> Records from a data source:

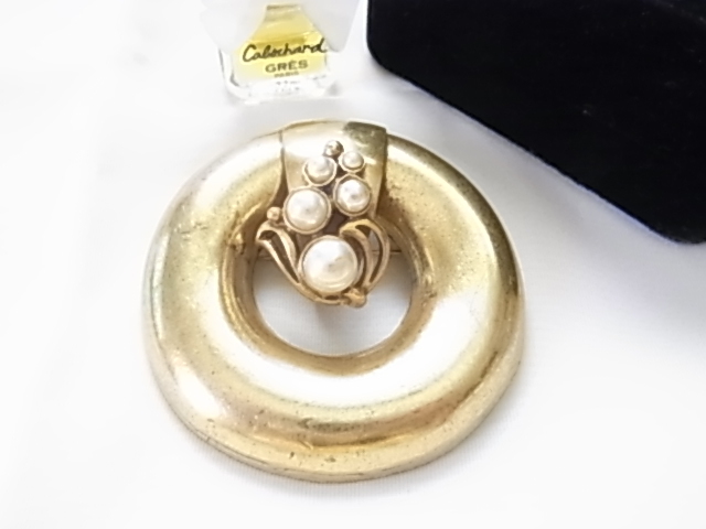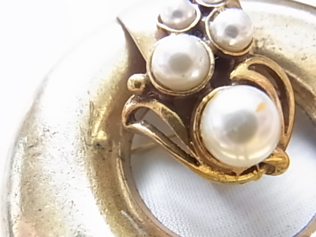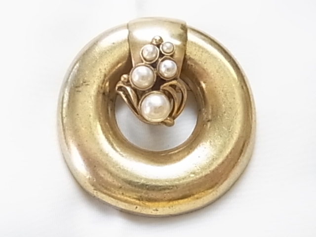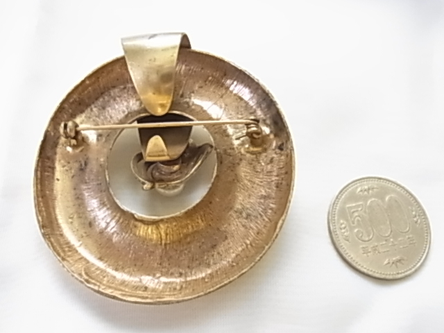 訳あり安価 2way イミテーションパール付き ゴールドカラー 金色 直径約6センチ 重厚感 ペンダントトップ ブローチ▽
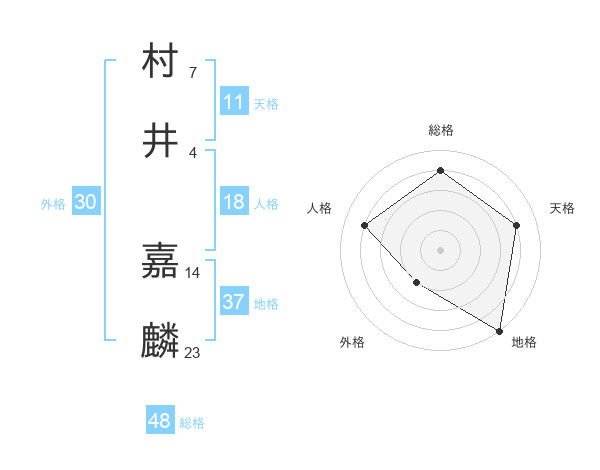 村井 嘉麟さんを姓名の画数から五運を鑑定
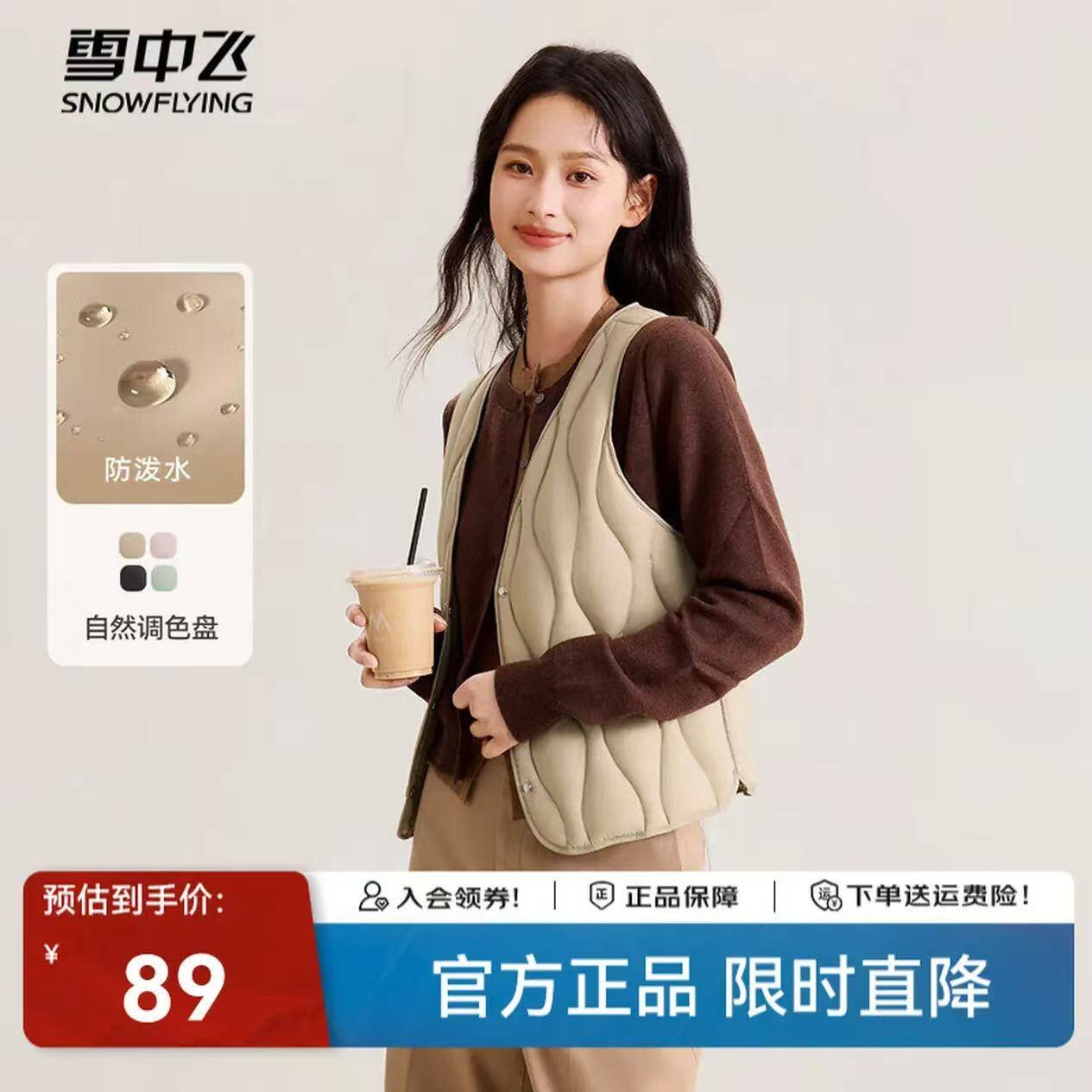 雪中飞马甲发車 先领59-20补帖卷 雪中飞 女秋冬羽绒V领马甲
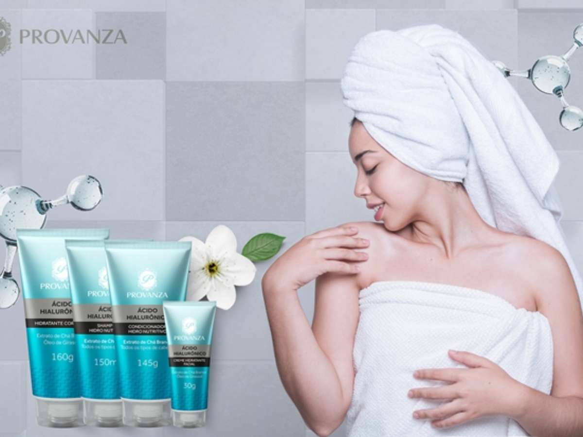 Hidratantes com Ácido Hialurônico promovem uma hidratação profunda, reforçam a estrutura da pele e conferem uma aparência firme e lisa. Podem ser usados por homens e mulheres, a partir dos 25 anos de idade. A Provanza desenvolveu duas opções: uma de creme corporal e outra facial.
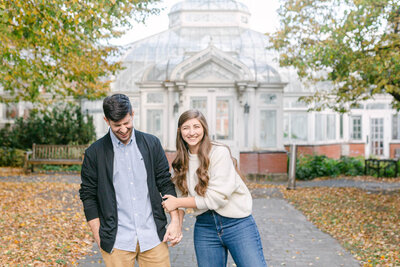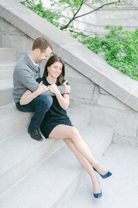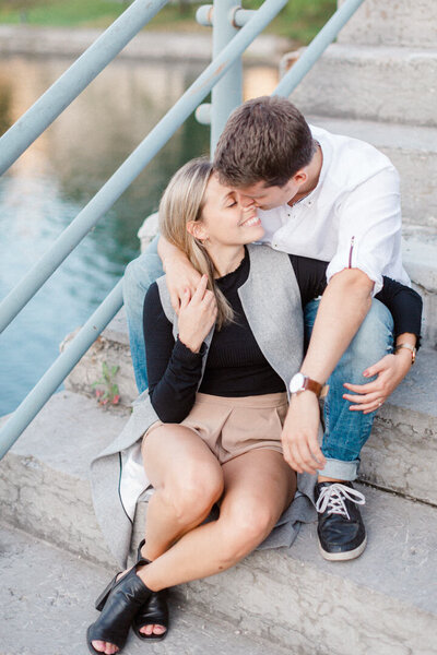 Generally couples pick two outfits for an engagement session: a more formal outfit and a casual outfit. We recommend saving your favorite outfit for later in the session, when couples usually feel more comfortable in front of the camera. And don’t forget to bring a few accesorries! Statement necklaces, cute shoes and classic watches are great ways to add detail to outfits.
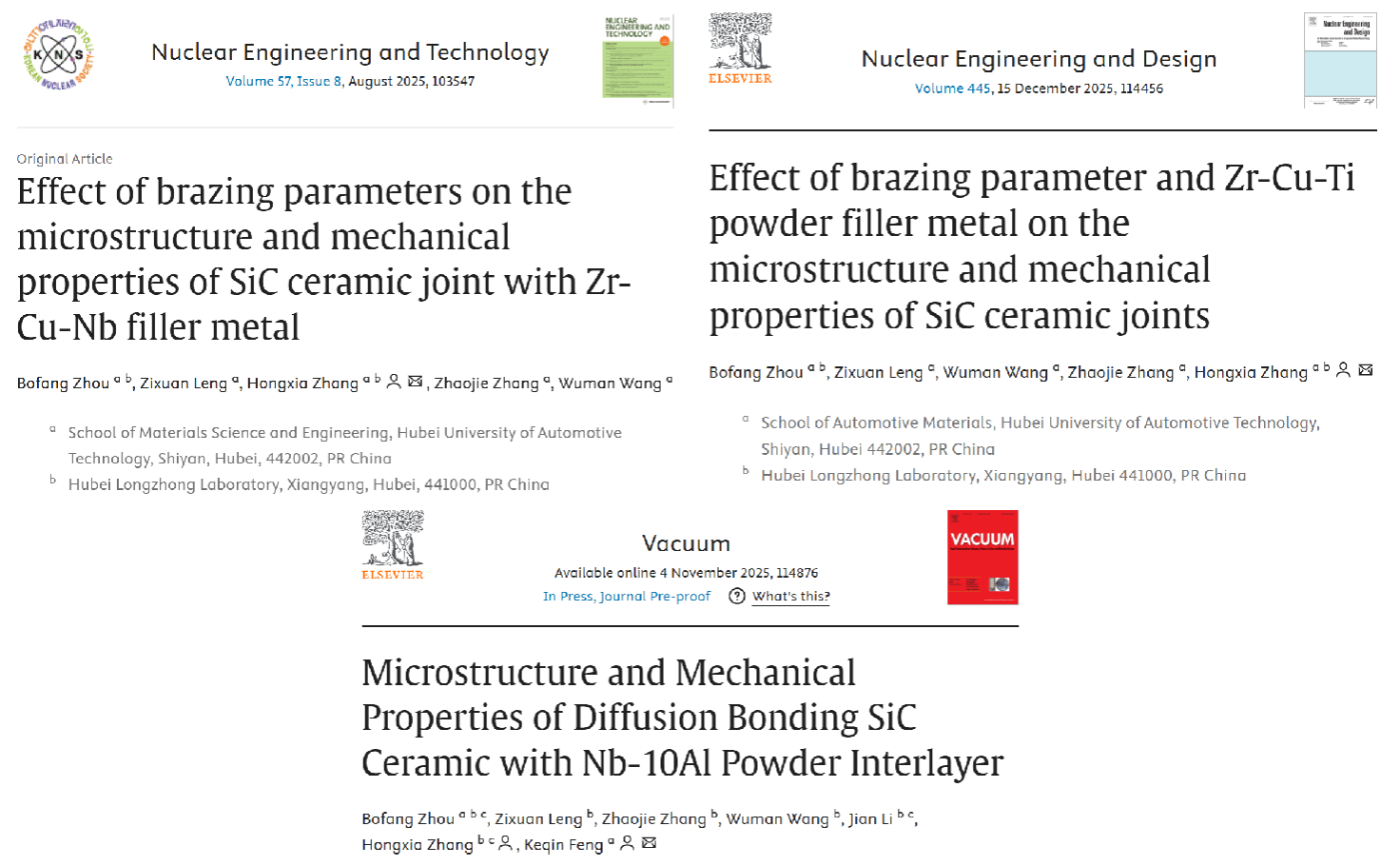 本网讯(文/才瑶)近日,在英国上市公司365“材料复合与微纳改性技术”团队成员周博芳副教授等老师的指导下,研究生冷子旋、张兆杰以及王吴曼在超高温包壳材料研究领域取得重要突破。其研究论文Effect of brazing parameters on the microstructure and mechanical properties of SiC ceramic joint with Zr-Cu-Nb filler metal、Effect of brazing parameter and Zr-Cu-Ti powder filler metal on the microstructure and mechanical properties of SiC ceramic joints、Microstructure and Mechanical Properties of Diffusion Bonding SiC Ceramic with Nb-10Al Powder Interlayer分别在知名期刊Nuclear Engineering and Technology、Nuclear Engineering and Design、Vacuum上发表。
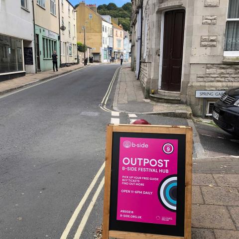 b-side present contemporary art in an accessible way. Working with artists and communities, they use unusual places for installations, performances and much more. They are committed to bringing art outside, allowing artists to create in response to places that communities can access and enjoy.

> THE PROBLEM:
Every line from the top of the entries through the line that holds "Generally couples pick" is to be quoted exactly, please, and nothing else; omit the pictures.

> OUTPUT FOR THIS TASK:
 訳あり安価 2way イミテーションパール付き ゴールドカラー 金色 直径約6センチ 重厚感 ペンダントトップ ブローチ▽
 村井 嘉麟さんを姓名の画数から五運を鑑定
 雪中飞马甲发車 先领59-20补帖卷 雪中飞 女秋冬羽绒V领马甲
 Hidratantes com Ácido Hialurônico promovem uma hidratação profunda, reforçam a estrutura da pele e conferem uma aparência firme e lisa. Podem ser usados por homens e mulheres, a partir dos 25 anos de idade. A Provanza desenvolveu duas opções: uma de creme corporal e outra facial.
 Generally couples pick two outfits for an engagement session: a more formal outfit and a casual outfit. We recommend saving your favorite outfit for later in the session, when couples usually feel more comfortable in front of the camera. And don’t forget to bring a few accesorries! Statement necklaces, cute shoes and classic watches are great ways to add detail to outfits.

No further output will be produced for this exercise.